Generative Verifiers: Enhancing LLM Performance with Next-Token Prediction

Models & Research

The Engineer

29 Aug 2024 · 3 min read

Researchers introduce Generative Reward Models that use next-token prediction to boost the reasoning abilities of large language models, offering a new method to enhance LLM performance beyond traditional ranking techniques.

In a recent paper titled "Generative Verifiers: Reward Modeling as Next-Token Prediction," researchers from leading institutions propose a novel approach to improve the reasoning performance of large language models (LLMs). The team, led by Lunjun Zhang and including Arian Hosseini, Hritik Bansal, Mehran Kazemi, Aviral Kumar, and Rishabh Agarwal, introduces Generative Reward Models (GenRMs) that leverage next-token prediction to enhance the effectiveness of verifiers.

What Changed Technically?

Traditionally, verifiers or reward models are used to rank multiple candidate solutions generated by LLMs. These verifiers are typically trained as discriminative classifiers, which means they score each solution independently without utilizing the generative capabilities of the LLM. However, this approach has limitations, especially in complex reasoning tasks where context and coherence are crucial.

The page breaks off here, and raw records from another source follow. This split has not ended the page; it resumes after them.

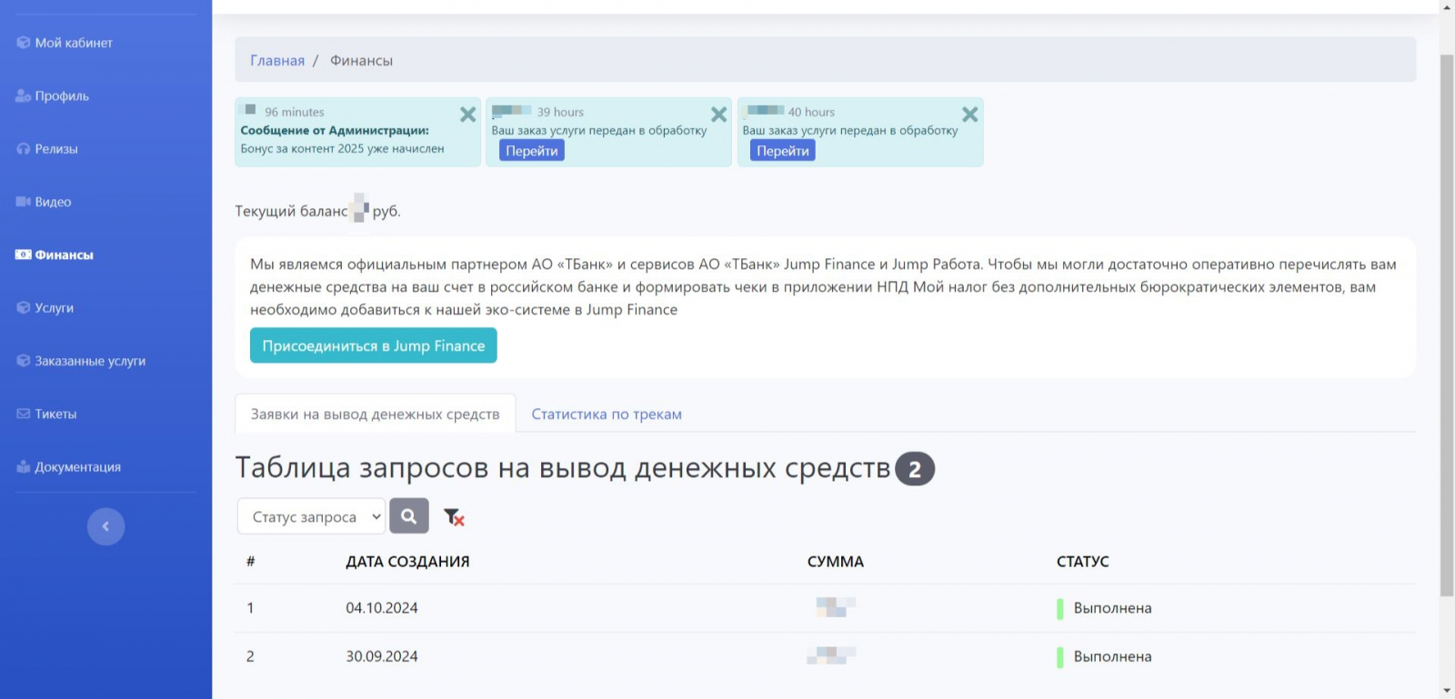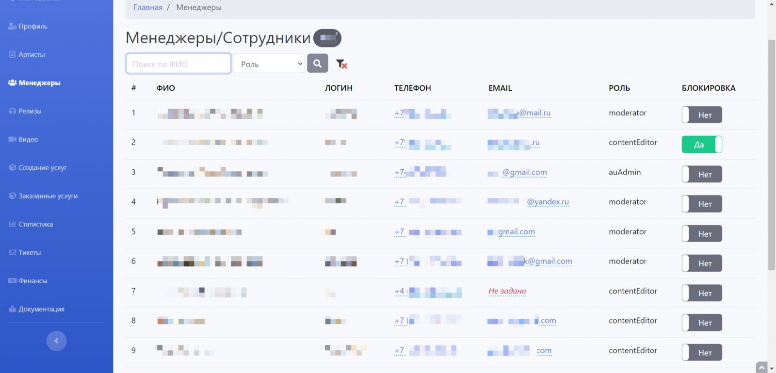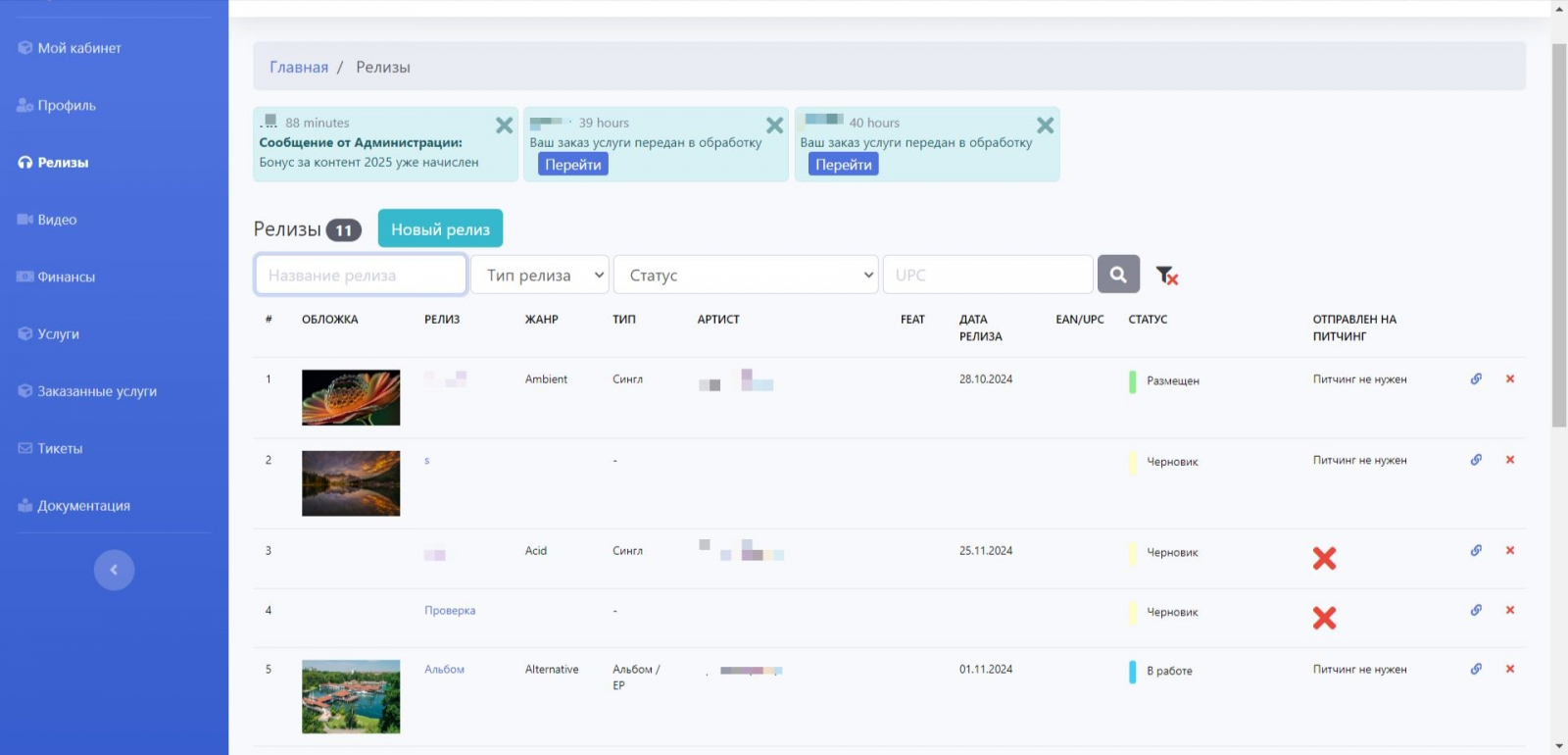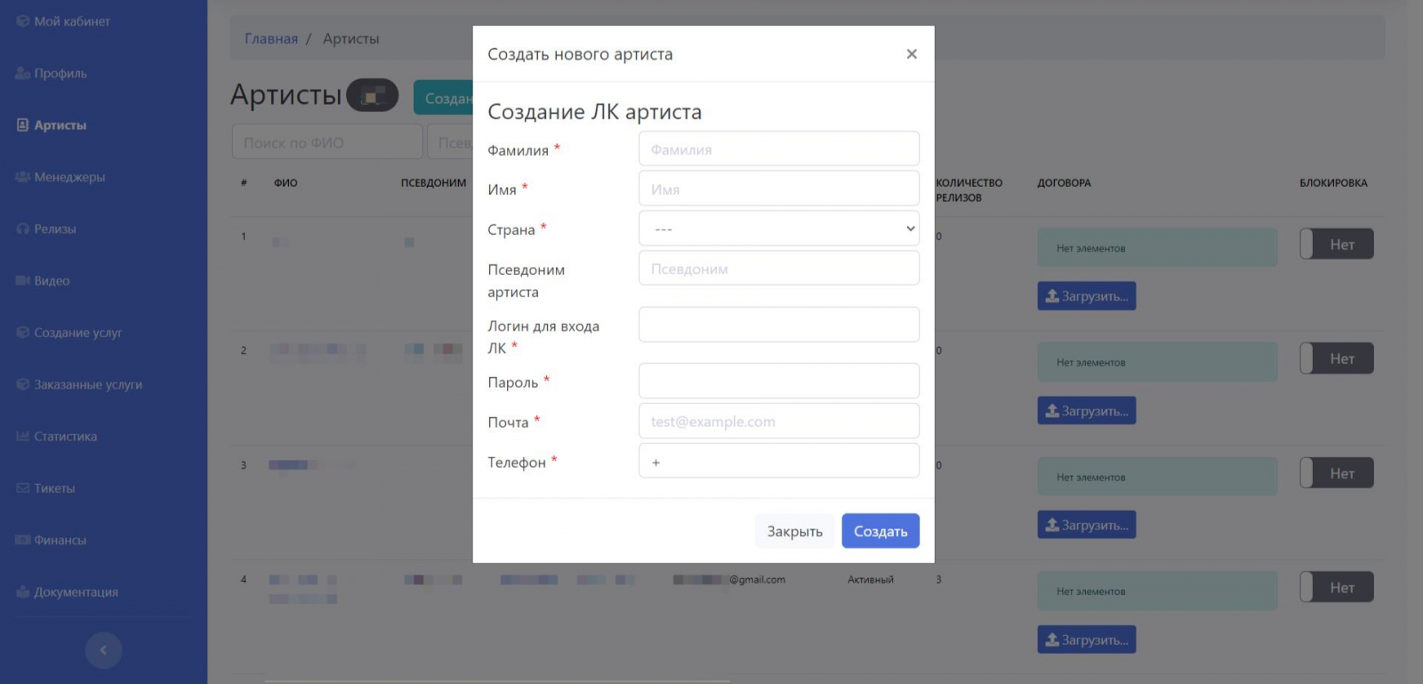 Разработать личные кабинеты для музыкантов и сотрудников лейбла, позволяющие вести совместную работу.
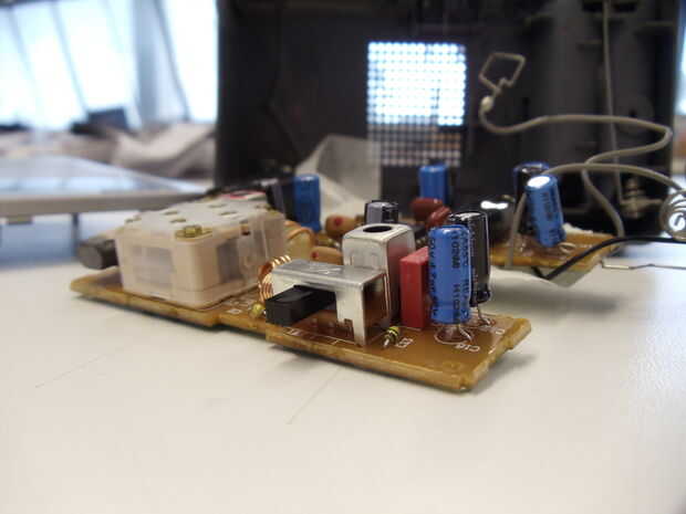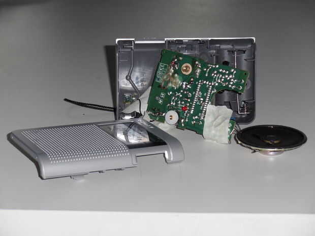 El circuito utilizado ha sido tomado y modificado de una radio básica, anterior. Vale la pena tirar aparte la radio cuidadosamente con destornilladores de precisión para separar el interior desde el exterior. Cuando los circuitos se han retirado de la vieja radio, desecho el cuerpo y compruebe si el circuito aún funciona correctamente. Es mejor dejar la modificación de circuito hasta el final ya que se tiene que ser montado alrededor del cuerpo de radio nuevo que se crea.
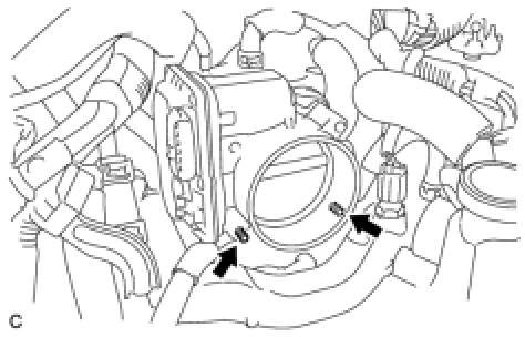Set the throttle body assembly and new gasket with the 2 stud bolts.

The key innovation in GenRMs is that they are trained using next-token prediction, a fundamental task for language models. This allows the verifier to generate text and reason about solutions in a more integrated manner. Here’s what makes this approach significant:

Seamless Integration with Instruction Tuning: Since GenRMs use the same next-token prediction objective as LLMs, they can be fine-tuned alongside other tasks without additional complexity.
Chain-of-Thought Reasoning: By generating text, GenRMs can produce step-by-step reasoning processes, which is particularly useful for algorithmic and mathematical problems.
Test-Time Compute Utilization: At inference time, GenRMs can leverage majority voting to improve the accuracy of their predictions. This means that by running the model multiple times and aggregating results, the overall performance can be significantly enhanced.

Implementation Details

The researchers trained GenRMs on a dataset that includes both solutions and verification rationales. Here are some key implementation details:

Training Objective: The model is trained to predict the next token in sequences that include both the problem statement and potential solutions.
Dataset: A combination of real and synthetic data was used, with synthetic verification rationales generated by another LLM to provide diverse training examples.
Model Architecture: The GenRM architecture is based on transformer models, similar to those used for standard next-token prediction tasks. This ensures that the model can leverage pretraining benefits.

Benchmarks and Results

The performance of GenRMs was evaluated on several benchmark datasets, with notable improvements over existing methods:

Algorithmic Tasks: On algorithmic reasoning tasks, GenRM improved performance from 5% to 45.3%.
GSM8K: For the GSM8K dataset, which focuses on multi-step arithmetic problems, GenRM achieved a significant jump from 73% to 93.4% accuracy.
MATH and MMLU Abstract Algebra: In easy-to-hard generalization settings, GenRM showed improvements of 28% to 44.6% on the MATH dataset and 37.9% to 53.5% on the MMLU abstract algebra subset.

Additional Findings

Error Detection: The researchers found that training GenRMs with synthetic verification rationales was sufficient to identify subtle errors in math problems, demonstrating the model's ability to reason about complex solutions.
Scalability: GenRM scales well with both model size and test-time compute. Larger models and more inference iterations consistently lead to better performance.

Conclusion

Generative Reward Models (GenRMs) represent a significant step forward in enhancing the reasoning capabilities of LLMs. By leveraging next-token prediction, these models can integrate seamlessly with existing architectures, enable detailed chain-of-thought reasoning, and utilize additional compute resources effectively. The results on various benchmarks highlight the potential of GenRMs to significantly improve performance in complex reasoning tasks.